[Data extracted from a collection]
---*---

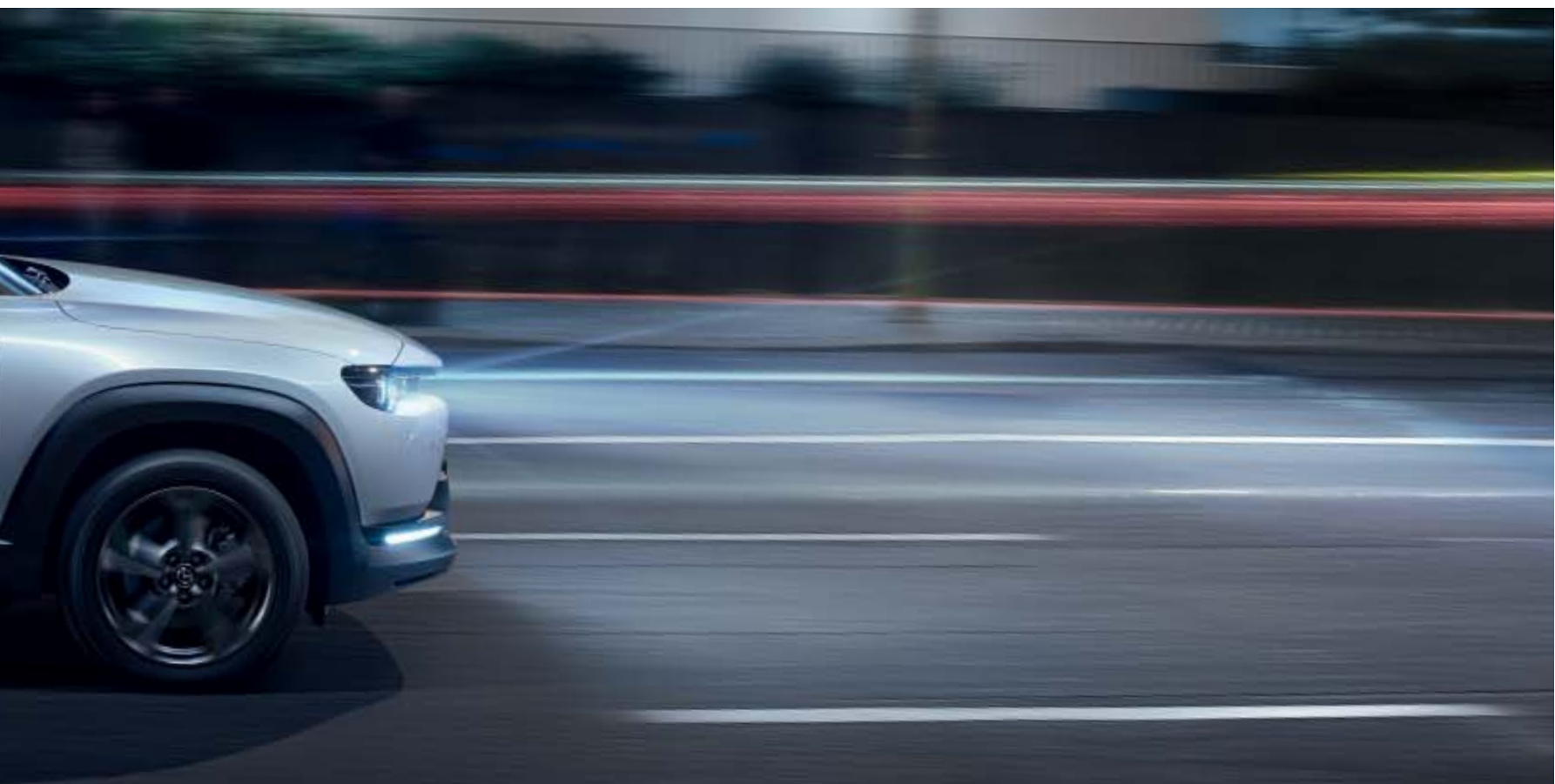
Foto: Mazda MX-30 als Luxury uitvoering in Ceramic Metallic 3-Tone
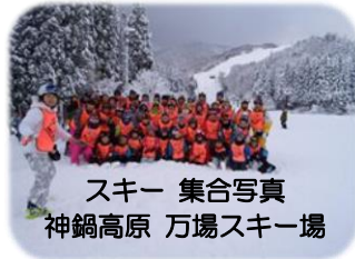
スキー 集合写真 神鍋高原 万場スキー場

今後は、2024年の創立100年に向けて心身共に健全な少年・少女の育成に努め、地域社会や国際社会に役立つ人材を輩出し続けたいと思っています。
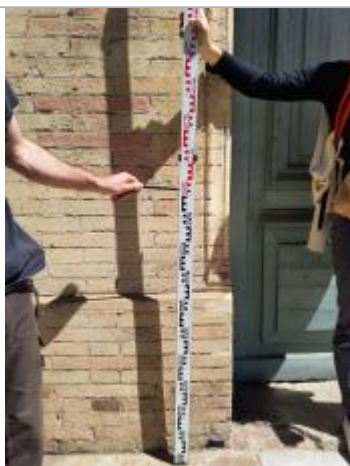
Photo du repère - 29/04/2025

Altitude calculée de l'eau (en m) : 139.3
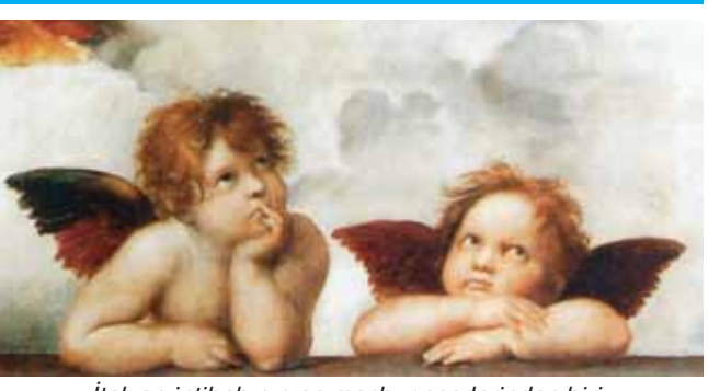
İtalyan intibahının ən məşhur əsərlərindən biri, «Sikstin Madonnası»ndan fraqment

xi Şəcərə Cəmiyyətinin üzvü; 21.Xüsusi, ayrıca buraxılış üzrə yerləşdirilən qiymətli kağızlar, istiqrazlar seriyası. Soldan sağa: 1.Su, şəkər, nişastadan hazırlanmış türk şirniyyatı; 8.Öndə gedən, qabaqcıl, lider; 9.Kimyəvi element (qaz); 10.Olimpiya çempionu Azərbaycan cüdoçusunun adı; 11.Avtomobil markası (sportkar); 12.Düzbucaqlı üçbucağın düz bucağı əmələ gətirən tərəflərin hər biri; 14.Detalları birləşdirmək üçün işlədilən silindri mil; 19.«Neftçi» FK, Moskvanın «Dinamo» FK komandalarında oynamış azərbaycanlı hücumçunun adı. SSRİ-nin əməkdar idman ustası (1960), SSRİ-nin əməkdar
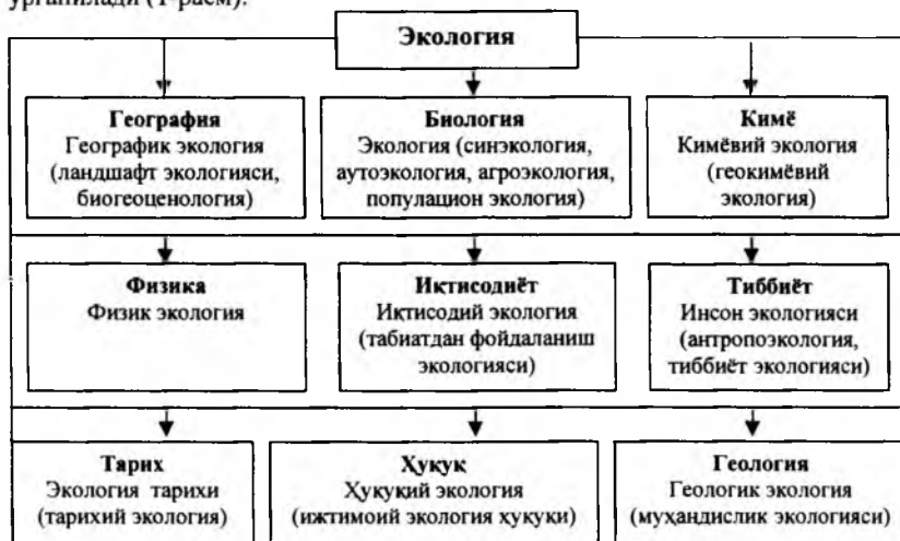
1-расм. Экология фанини фанлараро алоқадорликда ўрганиш модели

Касб-хунар коллежларида экология ва атроф муҳитни муҳофаза қилишга оид ўқув фанлари умумқасбий интегратив курс сифатида мазмунан эгалланаётган касб (мутахассислик) ва фанлараро нуктаи назардан ўрганилади (1-расм).
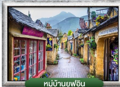
หมู่บ้านยูฟูอิน
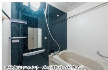
※写真等はミハスシリーズの別物件の写真です。
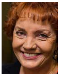
Marit Nybakk, utenriksminister.

Nybakk sier at hun trolig vil stille spørsmål om saken i spørretimen på Stortinget slik at hun kan få vite hva utenriksministeren mener om høye lederlønninger i organisasjoner Norge støtter.
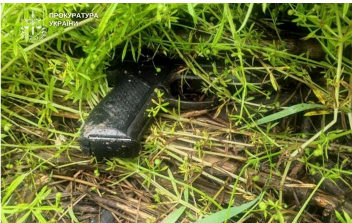
Фігурант стріляв у своїх знайомих

Убиті також є громадянами Грузії, один з них притягався до кримінальної відповідальності за квартирні крадіжки.

---*---

## WHAT IS NEEDED
Repeat the data in full, exactly as it stands, but drop every picture.

## RESULT BELOW
Foto: Mazda MX-30 als Luxury uitvoering in Ceramic Metallic 3-Tone
スキー 集合写真 神鍋高原 万場スキー場

今後は、2024年の創立100年に向けて心身共に健全な少年・少女の育成に努め、地域社会や国際社会に役立つ人材を輩出し続けたいと思っています。
Photo du repère - 29/04/2025

Altitude calculée de l'eau (en m) : 139.3
İtalyan intibahının ən məşhur əsərlərindən biri, «Sikstin Madonnası»ndan fraqment

xi Şəcərə Cəmiyyətinin üzvü; 21.Xüsusi, ayrıca buraxılış üzrə yerləşdirilən qiymətli kağızlar, istiqrazlar seriyası. Soldan sağa: 1.Su, şəkər, nişastadan hazırlanmış türk şirniyyatı; 8.Öndə gedən, qabaqcıl, lider; 9.Kimyəvi element (qaz); 10.Olimpiya çempionu Azərbaycan cüdoçusunun adı; 11.Avtomobil markası (sportkar); 12.Düzbucaqlı üçbucağın düz bucağı əmələ gətirən tərəflərin hər biri; 14.Detalları birləşdirmək üçün işlədilən silindri mil; 19.«Neftçi» FK, Moskvanın «Dinamo» FK komandalarında oynamış azərbaycanlı hücumçunun adı. SSRİ-nin əməkdar idman ustası (1960), SSRİ-nin əməkdar
1-расм. Экология фанини фанлараро алоқадорликда ўрганиш модели

Касб-хунар коллежларида экология ва атроф муҳитни муҳофаза қилишга оид ўқув фанлари умумқасбий интегратив курс сифатида мазмунан эгалланаётган касб (мутахассислик) ва фанлараро нуктаи назардан ўрганилади (1-расм).
หมู่บ้านยูฟูอิน
※写真等はミハスシリーズの別物件の写真です。
Marit Nybakk, utenriksminister.

Nybakk sier at hun trolig vil stille spørsmål om saken i spørretimen på Stortinget slik at hun kan få vite hva utenriksministeren mener om høye lederlønninger i organisasjoner Norge støtter.
Фігурант стріляв у своїх знайомих

Убиті також є громадянами Грузії, один з них притягався до кримінальної відповідальності за квартирні крадіжки.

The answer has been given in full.